A list of the results from the various tests of significance used to determine if there were differences in groupings of goodness-of-fit statistics at a sample size 50.
| Type of test | Groups being tested | p-value |
|---|---|---|
| T-test | High and low evenness dataset R-statistics | p < 0.001 |
| T-test | High and low evenness datasets m2-values | p = 0.003 |
| T-test | R-statistics for the datasets with 5 samples and 10 sample | p = 0.03 |
| T-test | m2-values for the datasets with 5 samples and 10 sample | p < 0.001 |
| ANOVA | R-statistics for the datasets with a richness of 10, 20, and 50 | p = 0.006 |
| Bonferroni corrected T-test | R-statistics for the datasets with a richness of 20 and 50 | p = 0.009 |
| Bonferroni corrected T-test | R-statistics for the datasets with a richness of 10 and 20 | p = 0.053 |
| Bonferroni corrected T-test | R-statistics for the datasets with a richness of 10 and 50 | p = 0.94 |
| ANOVA | m2-values for the datasets with a richness of 10, 20, and 50 | p = 0.53 |
| T-test | R-statistics the datasets with a richness of 10 and 50 (mixed evenness datasets) | p = 0.09 |
| T-test | m2-values the datasets with a richness of 10 and 50 (mixed evenness datasets) | p = 0.04 |
These tests were conducted on the 132 created datasets with selected abundance structures because those datasets resulted in the greatest amount of variation among samples sizes. Because of this variation, we used these tests to determine if certain parameters would require larger sample sizes.
Fig 3(a) Mantel test and (b) PROTEST comparisons for each of the five median subsample sizes for each of the 132 created datasets with selected abundance structures. Each point (black circles) represents the mean, plus and minus one standard deviation, (a) R-statistic and (b) m2-values for the 1000 subsamples of one datasets at one sample size. There are five points for each dataset—one for each of the subsample sizes.

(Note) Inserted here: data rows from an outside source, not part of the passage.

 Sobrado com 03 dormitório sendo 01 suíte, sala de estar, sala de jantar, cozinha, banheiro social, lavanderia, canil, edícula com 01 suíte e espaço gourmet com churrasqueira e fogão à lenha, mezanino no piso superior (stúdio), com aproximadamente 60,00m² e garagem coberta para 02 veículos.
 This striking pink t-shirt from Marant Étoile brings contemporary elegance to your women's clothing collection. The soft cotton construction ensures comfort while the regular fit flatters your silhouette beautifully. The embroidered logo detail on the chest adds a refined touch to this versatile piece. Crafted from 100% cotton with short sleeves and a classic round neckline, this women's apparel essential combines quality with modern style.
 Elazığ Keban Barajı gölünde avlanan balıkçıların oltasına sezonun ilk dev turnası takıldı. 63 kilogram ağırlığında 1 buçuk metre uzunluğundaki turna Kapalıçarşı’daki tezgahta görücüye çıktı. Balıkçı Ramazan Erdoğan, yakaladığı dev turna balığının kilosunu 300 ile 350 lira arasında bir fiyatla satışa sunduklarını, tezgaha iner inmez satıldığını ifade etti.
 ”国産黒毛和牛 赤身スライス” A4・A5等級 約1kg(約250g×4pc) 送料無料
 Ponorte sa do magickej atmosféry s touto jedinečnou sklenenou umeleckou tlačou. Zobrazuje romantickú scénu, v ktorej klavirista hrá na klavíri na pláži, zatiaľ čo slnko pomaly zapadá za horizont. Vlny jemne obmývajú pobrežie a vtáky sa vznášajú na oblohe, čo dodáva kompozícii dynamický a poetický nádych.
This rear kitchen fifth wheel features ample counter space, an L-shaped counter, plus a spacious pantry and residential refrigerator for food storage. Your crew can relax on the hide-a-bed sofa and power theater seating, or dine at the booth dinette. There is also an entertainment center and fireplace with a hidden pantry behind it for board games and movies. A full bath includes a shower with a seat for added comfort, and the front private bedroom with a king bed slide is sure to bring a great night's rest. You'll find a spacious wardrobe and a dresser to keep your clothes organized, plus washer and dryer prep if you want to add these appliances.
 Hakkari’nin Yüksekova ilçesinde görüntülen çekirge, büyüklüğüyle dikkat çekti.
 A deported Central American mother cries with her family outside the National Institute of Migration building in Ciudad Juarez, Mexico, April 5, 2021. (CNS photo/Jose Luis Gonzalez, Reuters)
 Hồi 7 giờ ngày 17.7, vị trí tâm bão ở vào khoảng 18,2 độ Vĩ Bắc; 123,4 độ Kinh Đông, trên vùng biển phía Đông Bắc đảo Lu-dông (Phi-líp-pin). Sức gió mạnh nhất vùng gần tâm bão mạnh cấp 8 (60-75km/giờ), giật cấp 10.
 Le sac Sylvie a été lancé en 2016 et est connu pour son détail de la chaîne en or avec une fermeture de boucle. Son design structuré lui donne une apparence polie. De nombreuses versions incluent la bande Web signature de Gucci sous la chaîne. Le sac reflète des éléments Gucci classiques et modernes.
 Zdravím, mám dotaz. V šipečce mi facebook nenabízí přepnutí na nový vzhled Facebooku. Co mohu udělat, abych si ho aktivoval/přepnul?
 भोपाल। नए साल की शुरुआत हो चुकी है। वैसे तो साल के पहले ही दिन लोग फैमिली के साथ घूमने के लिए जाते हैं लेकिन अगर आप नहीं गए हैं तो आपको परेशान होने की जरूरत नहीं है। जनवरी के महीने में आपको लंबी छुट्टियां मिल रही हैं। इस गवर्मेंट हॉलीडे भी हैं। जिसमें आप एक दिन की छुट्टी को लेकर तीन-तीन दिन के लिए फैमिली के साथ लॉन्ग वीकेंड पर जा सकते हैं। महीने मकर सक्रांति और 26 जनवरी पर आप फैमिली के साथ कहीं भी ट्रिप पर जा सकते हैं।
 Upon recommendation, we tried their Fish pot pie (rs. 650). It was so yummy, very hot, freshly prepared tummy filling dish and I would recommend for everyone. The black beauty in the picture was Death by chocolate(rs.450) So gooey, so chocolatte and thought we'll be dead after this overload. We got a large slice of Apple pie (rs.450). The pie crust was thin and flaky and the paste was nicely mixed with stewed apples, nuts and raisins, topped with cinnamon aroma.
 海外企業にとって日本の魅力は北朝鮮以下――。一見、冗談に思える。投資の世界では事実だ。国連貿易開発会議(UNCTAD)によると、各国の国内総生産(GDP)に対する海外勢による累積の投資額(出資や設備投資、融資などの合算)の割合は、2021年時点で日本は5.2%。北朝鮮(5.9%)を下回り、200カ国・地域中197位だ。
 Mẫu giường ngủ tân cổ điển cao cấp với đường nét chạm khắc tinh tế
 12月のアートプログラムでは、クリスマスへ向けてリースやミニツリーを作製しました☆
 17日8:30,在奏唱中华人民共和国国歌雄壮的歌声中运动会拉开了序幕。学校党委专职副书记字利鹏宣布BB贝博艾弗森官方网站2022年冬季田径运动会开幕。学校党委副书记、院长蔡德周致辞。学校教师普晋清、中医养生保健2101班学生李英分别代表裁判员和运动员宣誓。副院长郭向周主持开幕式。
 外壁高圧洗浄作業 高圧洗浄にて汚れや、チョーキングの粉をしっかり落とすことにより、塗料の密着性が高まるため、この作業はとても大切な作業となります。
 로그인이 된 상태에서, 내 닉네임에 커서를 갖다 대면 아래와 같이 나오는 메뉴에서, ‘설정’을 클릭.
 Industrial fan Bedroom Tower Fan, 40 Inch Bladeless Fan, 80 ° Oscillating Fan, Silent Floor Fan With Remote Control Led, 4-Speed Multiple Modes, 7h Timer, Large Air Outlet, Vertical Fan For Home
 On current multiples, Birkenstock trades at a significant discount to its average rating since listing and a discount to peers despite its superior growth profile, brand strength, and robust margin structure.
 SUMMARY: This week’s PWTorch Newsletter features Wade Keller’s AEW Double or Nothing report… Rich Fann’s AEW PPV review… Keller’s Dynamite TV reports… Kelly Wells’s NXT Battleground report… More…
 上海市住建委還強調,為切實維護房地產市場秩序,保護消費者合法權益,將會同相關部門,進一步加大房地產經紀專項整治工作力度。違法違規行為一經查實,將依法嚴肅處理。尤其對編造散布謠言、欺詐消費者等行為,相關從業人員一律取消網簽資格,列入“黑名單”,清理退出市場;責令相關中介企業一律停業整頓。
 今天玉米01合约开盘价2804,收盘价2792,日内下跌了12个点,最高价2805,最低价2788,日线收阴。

A list of the minimum and maximum goodness-of-fit statistics for the different parameters for the 132 created datasets with selected abundance structures.
| Mantel Test | PROTEST | |||
|---|---|---|---|---|
| Min | Max | Min | Max | |
| All 132 | 0.53 | 0.98 | 0.56 | 0.98 |
| High Evenness | 0.53 | 0.92 | 0.65 | 0.98 |
| Low Evenness | 0.74 | 0.97 | 0.56 | 0.91 |
| Mixed Evenness | 0.92 | 0.98 | 0.62 | 0.98 |
| 5 Samples | 0.53 | 0.98 | 0.70 | 0.98 |
| 10 Samples | 0.64 | 0.97 | 0.56 | 0.98 |
| Richness = 10 | 0.58 | 0.98 | 0.65 | 0.98 |
| Richness = 20 | 0.53 | 0.97 | 0.56 | 0.97 |
| Richness = 50 | 0.59 | 0.97 | 0.75 | 0.97 |
| Richness = 10 (mixed evenness) | 0.92 | 0.98 | 0.65 | 0.98 |
| Richness = 50 (mixed evenness) | 0.92 | 0.97 | 0.89 | 0.98 |
These goodness-of-fit statistics are for the subsample size of 50.